ChemNet: A Transferable and Generalizable Deep Neural Network for Small-Molecule Property Prediction

Abstract

With access to large datasets, deep neural networks through representation learning have been able to identify patterns from raw data, achieving human-level accuracy in image and speech recognition tasks. However, in chemistry, availability of large standardized and labelled datasets is scarce, and with a multitude of chemical properties of interest, chemical data is inherently small and fragmented. In this work, we explore transfer learning techniques in conjunction with the existing Chemception CNN model, to create a transferable and generalizable deep neural network for small-molecule property prediction. Our latest model, ChemNet learns in a semi-supervised manner from inexpensive labels computed from the ChEMBL database. When fine-tuned to the Tox21, HIV and FreeSolv dataset, which are 3 separate chemical tasks that ChemNet was not originally trained on, we demonstrate that ChemNet exceeds the performance of existing Chemception models, contemporary MLP models that trains on molecular fingerprints, and it matches the performance of the ConvGraph algorithm, the current state-of-the-art. Furthermore, as ChemNet has been pre-trained on a large diverse chemical database, it can be used as a universal “plug-and-play” deep neural network, which accelerates the deployment of deep neural networks for the prediction of novel small-molecule chemical properties.

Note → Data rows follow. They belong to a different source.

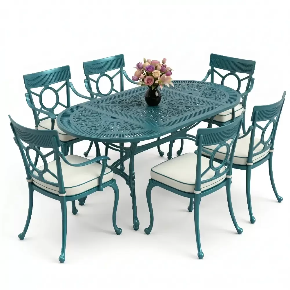 Bu elit oval yemek grubu; luks otellerin havuz baslarindan butik kafelerin bahce bolumlerine, sahil seridindeki yazlik evlerden modern rezidans teraslarina kadar her zeminde yuksek uyum saglar. Aluminyum yapisi sayesinde cok hafif olup yer degistirme ve depolama islemlerinde buyuk kolaylik sunar.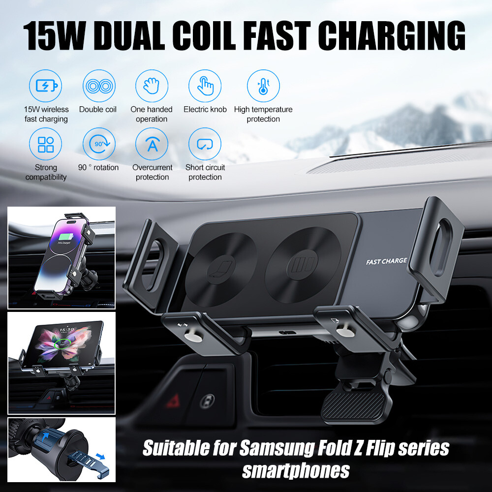 Wireless Car Charger Automatic Car Mount Holder For Samsung Galaxy Z Fold 5 6 4
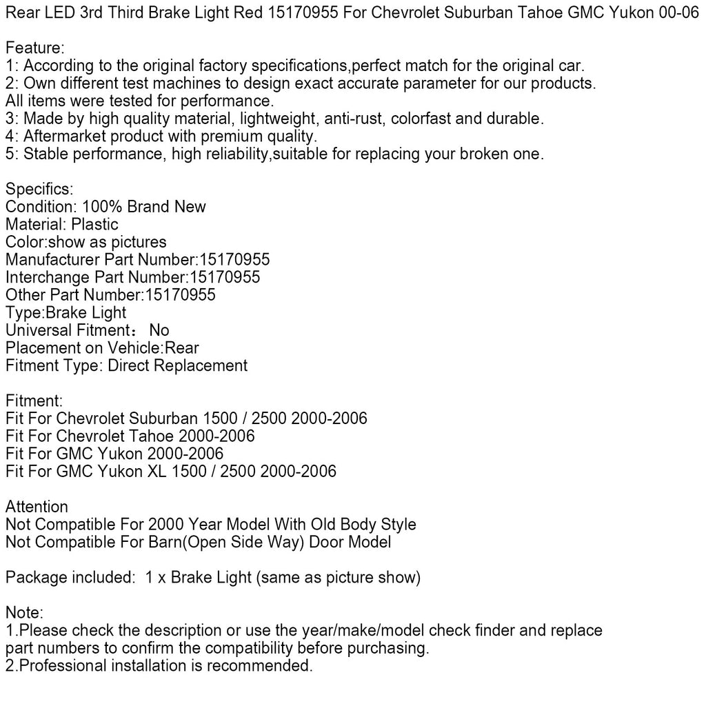 Dritte LED-Bremsleuchte hinten, rot, Teilenummer 15170955, passend für Chevrolet Suburban, Tahoe und GMC Yukon (Baujahre 2000–2006)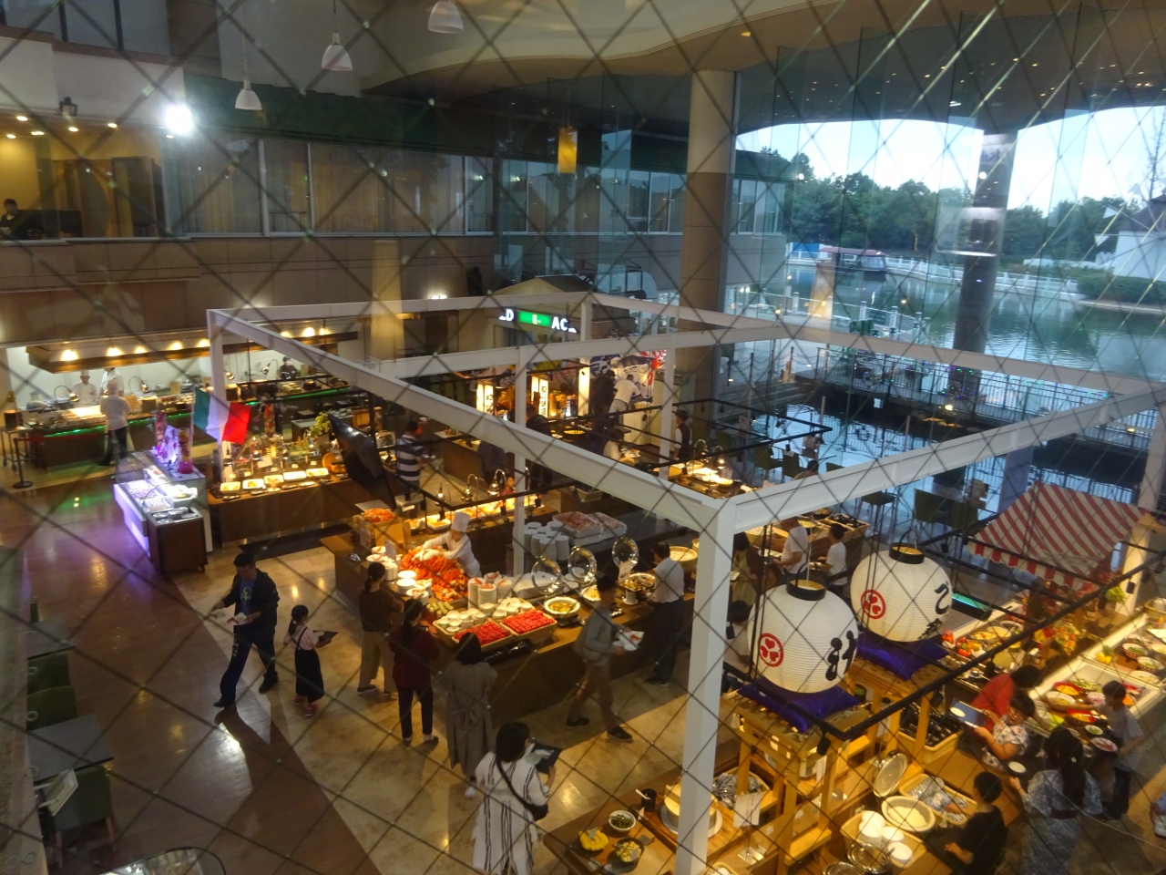 食事はバイキングです。「秋の大収穫祭 蟹食べ放題と旬の味覚満載のグルメバイキング」というのが開催されていましたが、蟹には期待しない方がいいです。というか全然ダメだけど、お値段のことを考えたら仕方がないかなと思います。お料理の種類は多かったですが、レイアウトがちょっと悪いところがあり、無駄に行列ができたりしてました。ツアーなので席は確保されていましたが、入口のオペレーションが要領悪くて個人のお客さんは大行列、ドリンクの清算チェックも手間取っていて、もうちょっとスムーズな方がいいかなと思いました。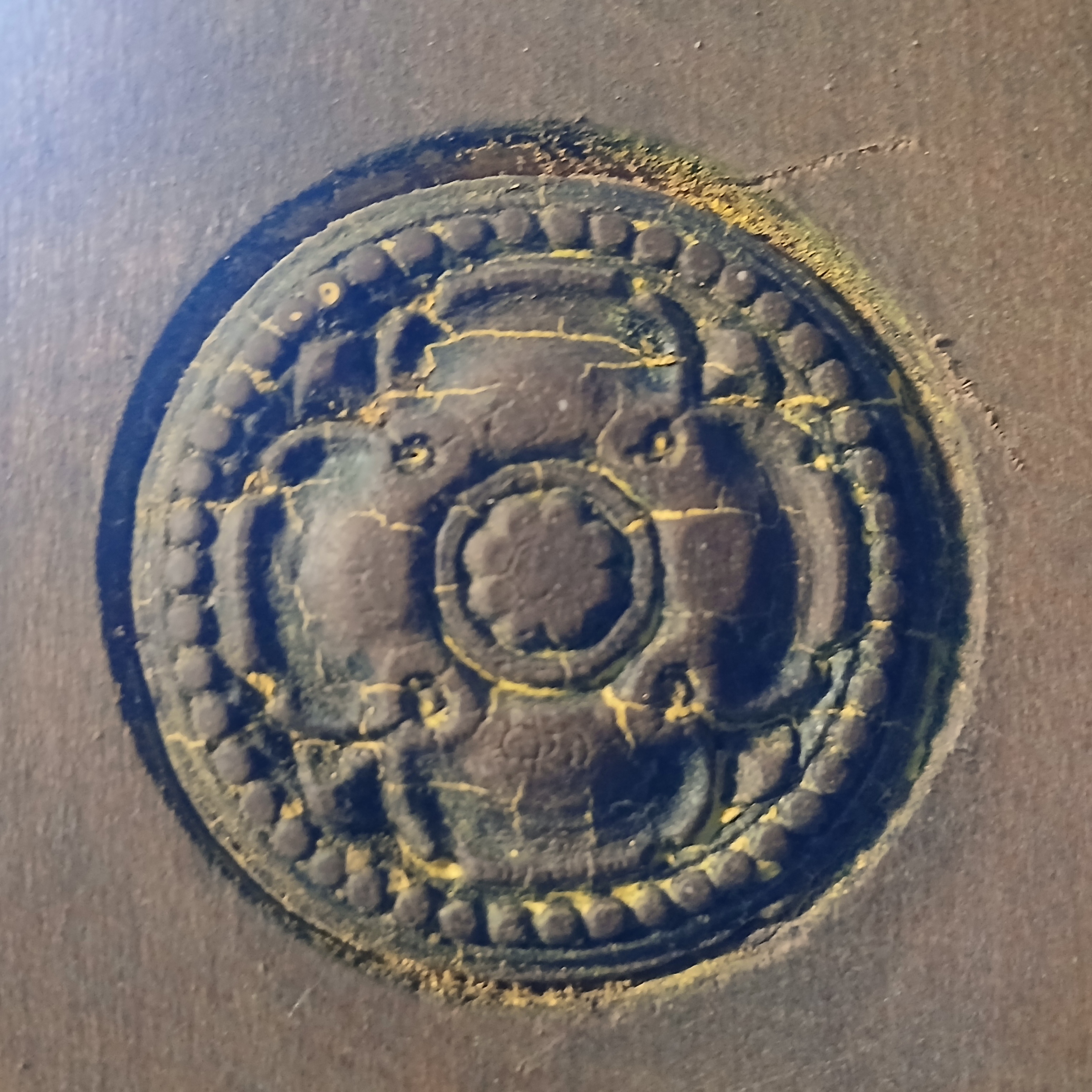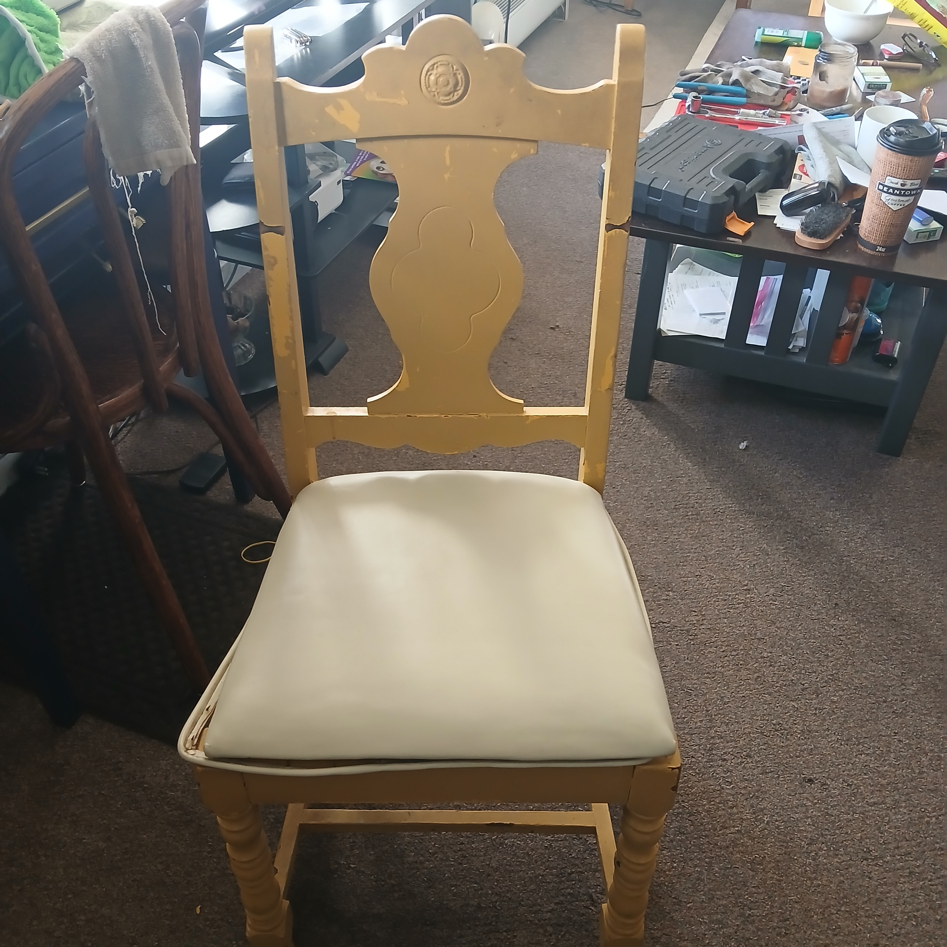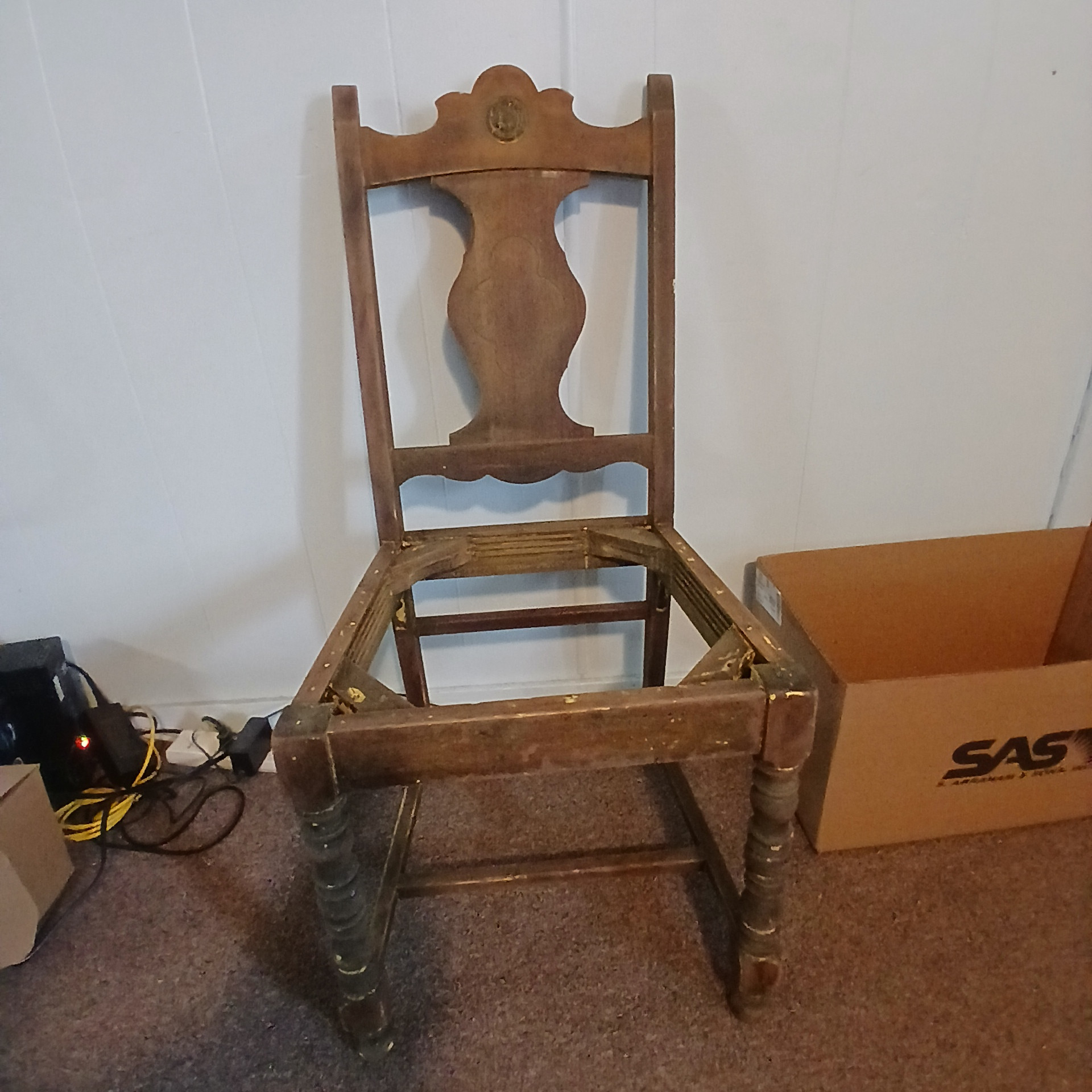Condition Assessment: The chair is in fair condition, showing signs of previous restoration, including several layers of paint that have been removed. There are visible wear marks and scratches on the wood, particularly around the emblem and the edges of the seat. The original hardware, including tacks and screws, remains intact, which is a positive aspect for collectors.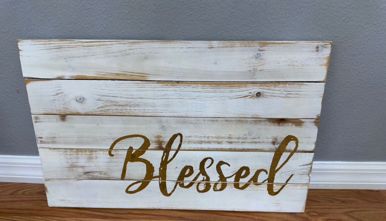 “Blessed” Rustic Wood Sign – $5 Farmhouse-style wooden sign with gold lettering. Great for entryway or shelf display. Must pick up. Serious buyers only.

Revised: December 28, 2017 | Published: December 8, 2017

Citation

Goh G.B., C.M. Siegel, A. Vishnu, and N.O. Hodas. 2017. ChemNet: A Transferable and Generalizable Deep Neural Network for Small-Molecule Property Prediction. In Machine Learning for Molecules and Materials (NIPS 2017 Workshop), December 8, 2017, Long Beach, California. La Jolla, California:Neural Information Processing Systems Foundation, Inc. PNNL-SA-129942.